Corresponding author

Correspondence to Erhan Oztop.

Appendices

Appendix 1 The simulation loop

The global logic of a simulation session is given below. This applies to all simulations except Simulation 1, where the function of the Wrist Rotation layer output is replaced by the automatic palm orientation described in Appendix 2. The Affordance layer encodes the orientation of the target object in SE3b, and the location of the object in SE4. In the remaining simulations it encodes the existence of a target object.

Step 1::: Encode the affordances presented to the circuit in Affordance layer (A).

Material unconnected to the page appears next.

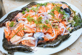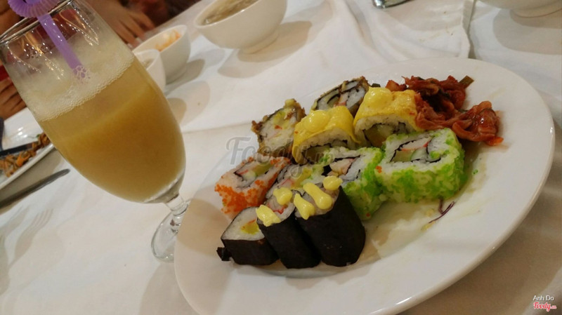 6.0Nhiều món nhưng đồ ăn chánNhà hàng nằm ở khu The Pride, Hà Đông, có lợi thế là ở khu này chưa có mấy nhà hàng lớn, buffet thế này nên cư dân ở khu vực Hà Đông ngại đi xa có thể ăn ở đây cho tiện. Lối vào ở tầng 1 là một cửa hàng bán chè sạch, chả có gì liên quan đến nhà hàng nên ai không biết chắc khó mà tìm ra quán. Trên tầng 2 thì là quán, không gian khá là rộng nhưng có vẻ hơi rộng quá gây loãng (thế mà vẫn ồn ào được). Nhóm mình đi đông, được xếp cho một phòng chả biết có phải phòng VIP không, ngồi thì ok vì có cửa đóng kín nên không bị ồn ào và ít bị mùi thức ăn (ở phòng chung phía ngoài mùi thức ăn sực nức rất kinh khủng), tuy nhiên đi lấy thức ăn thì hơi xa, bất tiện. Đồ ăn thì trông có vẻ rất rất là nhiều và phong phú, có cả thịt đà điểu, cá sấu gì đó luôn xD, nhưng quan trọng là chất lượng thì không ổn lắm: các loại ốc và nước chấm ốc đều nhạt thếch, các món xào thì mùi vị y hệt nhau và không ngon, sashimi với hàu thì mùi vị không tươi ngon tí nào, nói chung mọi thứ đều nhạt nhẽo. Và tráng miệng thì hầu như không có gì, vài vị kem, vài cái bánh với thạch, hoa quả thì nhạt thếch. Nói chung là trừ khi được mời chứ còn không thì chẳng quay lại làm gì vì tuy có nhiều lựa chọn nhưng lại chả chọn được gì (vì món nào cũng chán)! ...Xem thêm

Set the vector o as the center of the target object.
Step 2::: Compute the outputs of Virtual Finger (V), Hand Position (H) and Hand Rotation (R) layers.
Step 3::: Generate movement parameters v, h, r.
Step 4::: Generate reach using the parameters v, h and r and o while monitoring for contact.
Step 5::: On contact (or failure to contact) compute a contact list.
Step 6::: Compute stability and generate reward signal rs based on the contact list.
Step 7::: Adapt weights using rs.
Step 8::: Go to Step 2, unless interrupted by the user.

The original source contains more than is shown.